#### [Exercise directions]
Examine each line of the data, and copy the ones containing "some".

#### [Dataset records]
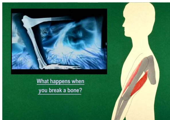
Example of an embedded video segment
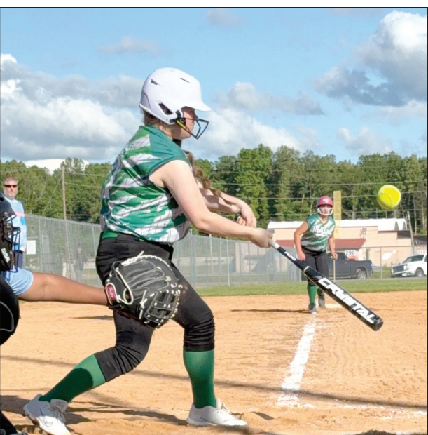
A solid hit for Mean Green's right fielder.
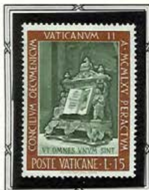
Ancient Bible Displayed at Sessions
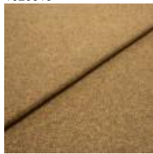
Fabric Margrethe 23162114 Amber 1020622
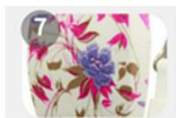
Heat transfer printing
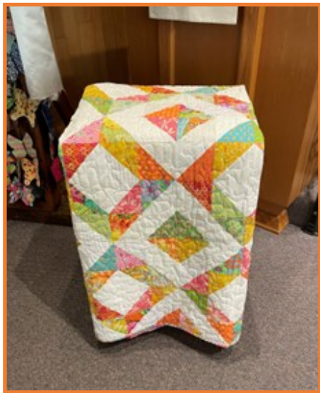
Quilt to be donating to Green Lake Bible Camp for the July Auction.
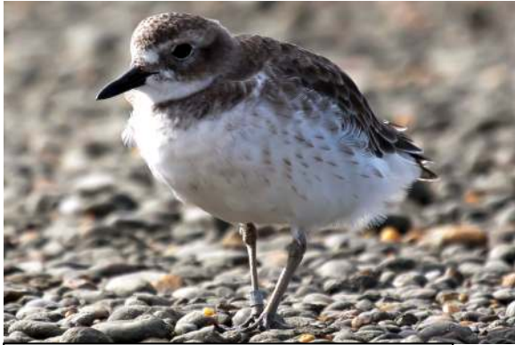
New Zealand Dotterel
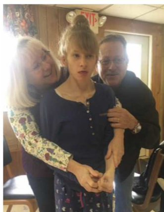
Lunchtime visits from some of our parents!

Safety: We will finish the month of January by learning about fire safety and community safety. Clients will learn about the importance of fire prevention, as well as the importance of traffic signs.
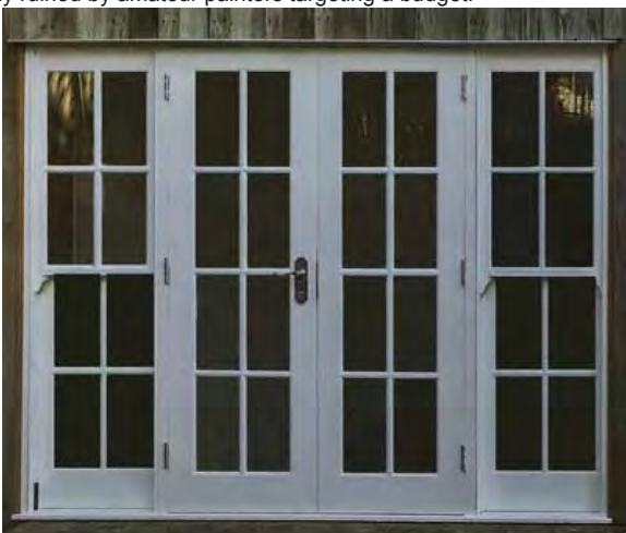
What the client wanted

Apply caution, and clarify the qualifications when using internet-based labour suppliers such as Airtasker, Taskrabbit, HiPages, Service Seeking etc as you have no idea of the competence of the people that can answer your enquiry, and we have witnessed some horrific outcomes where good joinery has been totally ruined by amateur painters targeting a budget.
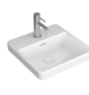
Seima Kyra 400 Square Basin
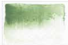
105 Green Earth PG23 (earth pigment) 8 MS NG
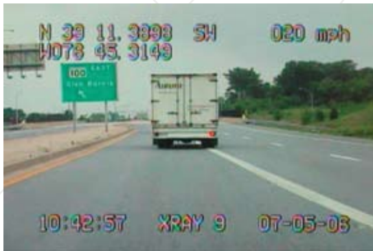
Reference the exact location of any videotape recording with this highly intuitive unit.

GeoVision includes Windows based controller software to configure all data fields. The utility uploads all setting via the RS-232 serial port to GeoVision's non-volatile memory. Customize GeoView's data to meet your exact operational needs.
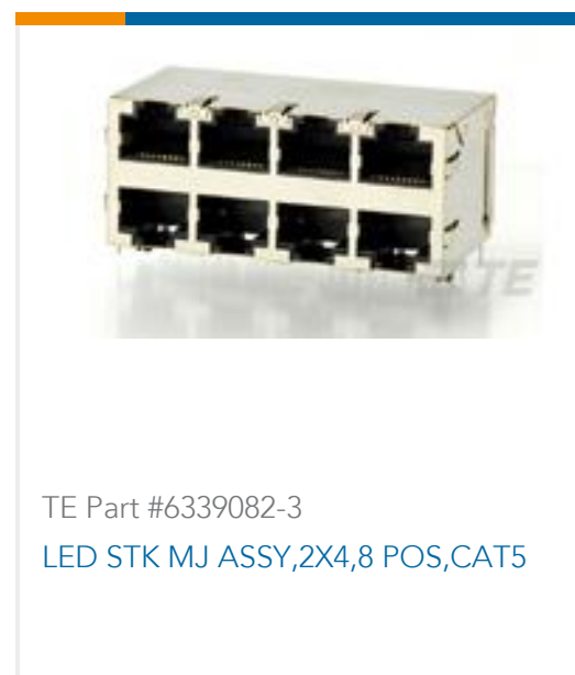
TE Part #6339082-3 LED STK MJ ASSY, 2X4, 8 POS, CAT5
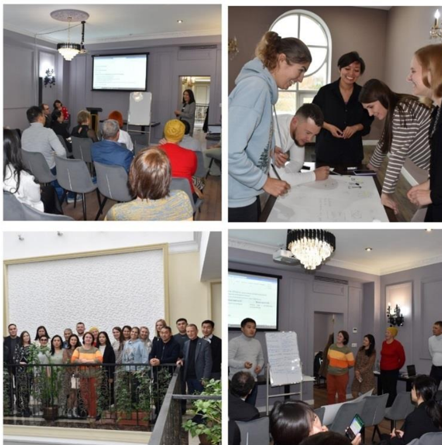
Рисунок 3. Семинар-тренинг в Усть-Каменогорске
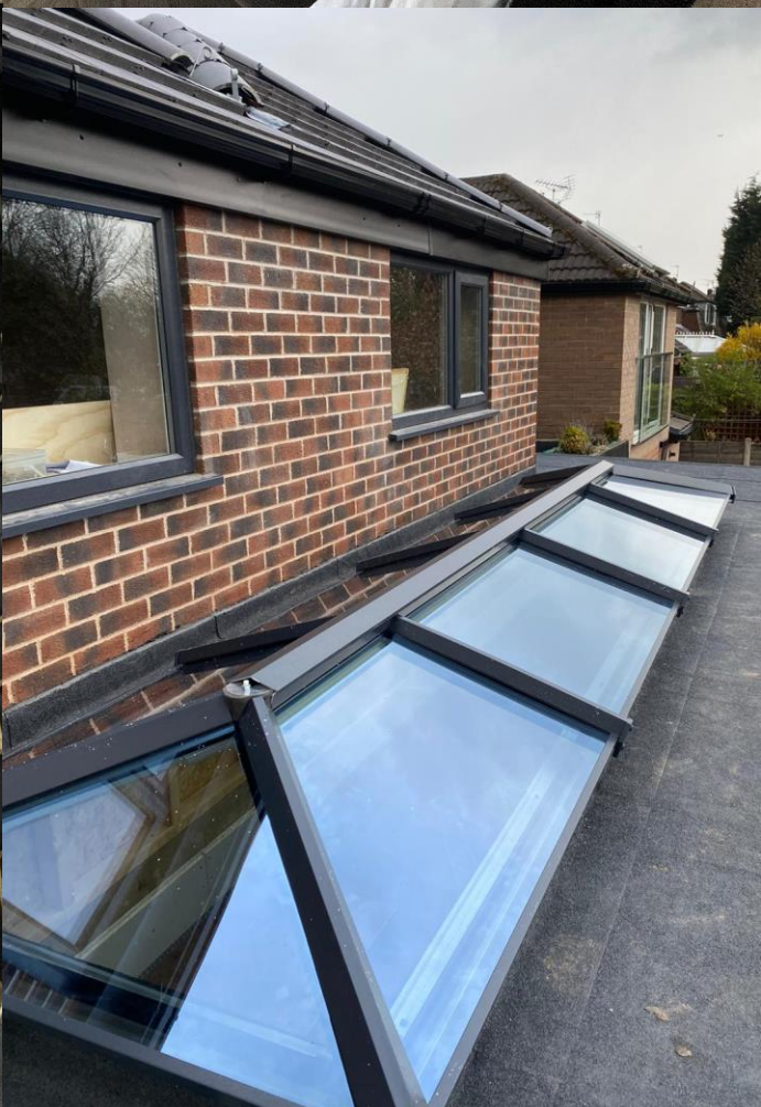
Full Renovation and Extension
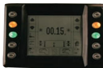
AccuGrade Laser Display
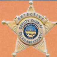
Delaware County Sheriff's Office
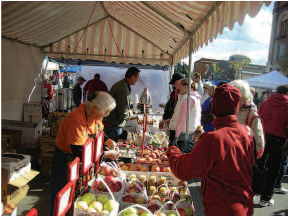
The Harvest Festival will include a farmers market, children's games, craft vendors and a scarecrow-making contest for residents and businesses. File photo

#### [Written response]
Lunchtime visits from some of our parents!
Apply caution, and clarify the qualifications when using internet-based labour suppliers such as Airtasker, Taskrabbit, HiPages, Service Seeking etc as you have no idea of the competence of the people that can answer your enquiry, and we have witnessed some horrific outcomes where good joinery has been totally ruined by amateur painters targeting a budget.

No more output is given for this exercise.